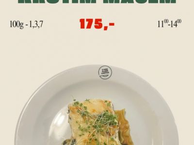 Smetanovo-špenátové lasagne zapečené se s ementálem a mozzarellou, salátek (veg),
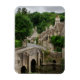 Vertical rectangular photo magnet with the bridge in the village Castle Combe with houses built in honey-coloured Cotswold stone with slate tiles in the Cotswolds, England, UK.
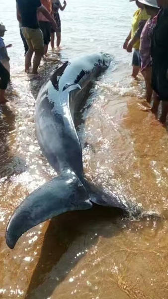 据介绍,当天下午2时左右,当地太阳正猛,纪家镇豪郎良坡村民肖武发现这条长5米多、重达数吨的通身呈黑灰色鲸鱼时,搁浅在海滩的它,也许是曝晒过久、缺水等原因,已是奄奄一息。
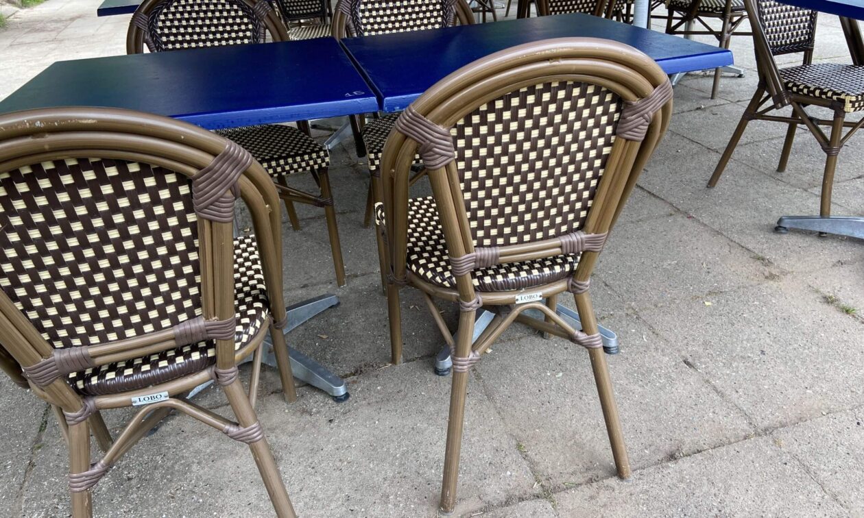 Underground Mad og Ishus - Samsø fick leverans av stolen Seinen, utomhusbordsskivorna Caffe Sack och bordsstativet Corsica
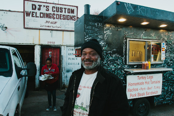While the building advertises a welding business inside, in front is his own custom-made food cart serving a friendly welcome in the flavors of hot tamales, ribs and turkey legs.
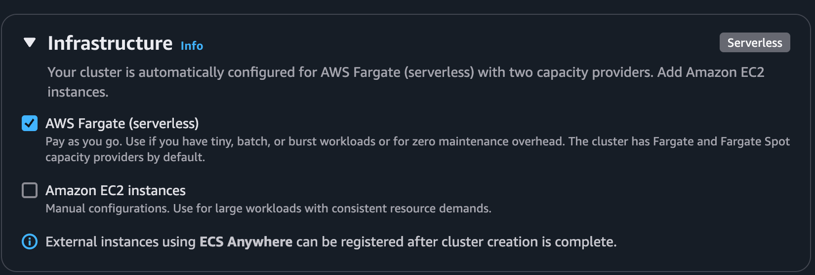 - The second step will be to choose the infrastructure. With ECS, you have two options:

***

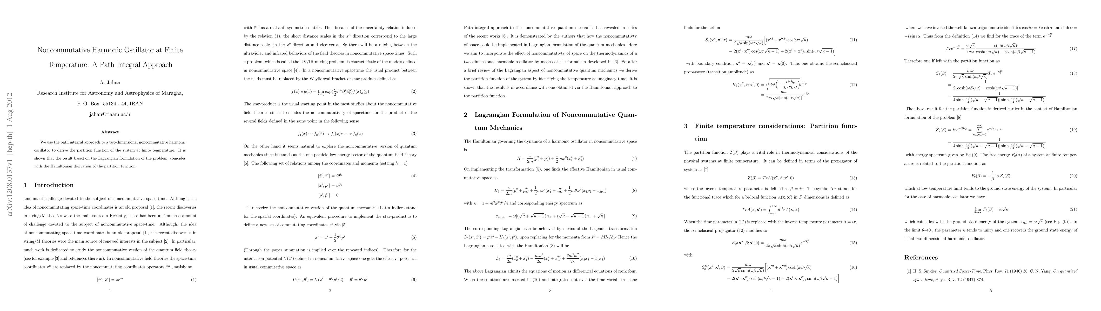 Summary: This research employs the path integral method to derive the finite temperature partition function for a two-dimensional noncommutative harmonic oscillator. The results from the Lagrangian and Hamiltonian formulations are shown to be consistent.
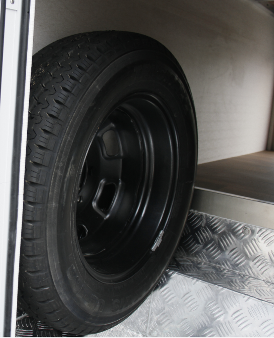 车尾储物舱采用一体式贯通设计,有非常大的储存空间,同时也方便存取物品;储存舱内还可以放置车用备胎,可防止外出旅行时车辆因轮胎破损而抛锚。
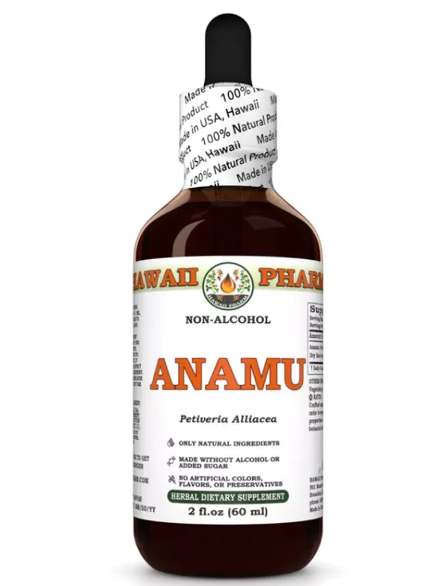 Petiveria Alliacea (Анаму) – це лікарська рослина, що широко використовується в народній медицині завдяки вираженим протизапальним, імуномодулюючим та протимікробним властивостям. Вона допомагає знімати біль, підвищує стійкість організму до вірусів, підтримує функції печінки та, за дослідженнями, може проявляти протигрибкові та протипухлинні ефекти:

***

▶ [WHAT YOU HAVE TO DO] Above is the material; set down exactly its lines from the one containing "据介绍,当天下午2时左右,当" down to the one containing "- The second", both included, leaving out any pictures.

▶ [SOLUTION TO THIS PROBLEM]
 据介绍,当天下午2时左右,当地太阳正猛,纪家镇豪郎良坡村民肖武发现这条长5米多、重达数吨的通身呈黑灰色鲸鱼时,搁浅在海滩的它,也许是曝晒过久、缺水等原因,已是奄奄一息。
 Underground Mad og Ishus - Samsø fick leverans av stolen Seinen, utomhusbordsskivorna Caffe Sack och bordsstativet Corsica
While the building advertises a welding business inside, in front is his own custom-made food cart serving a friendly welcome in the flavors of hot tamales, ribs and turkey legs.
 - The second step will be to choose the infrastructure. With ECS, you have two options:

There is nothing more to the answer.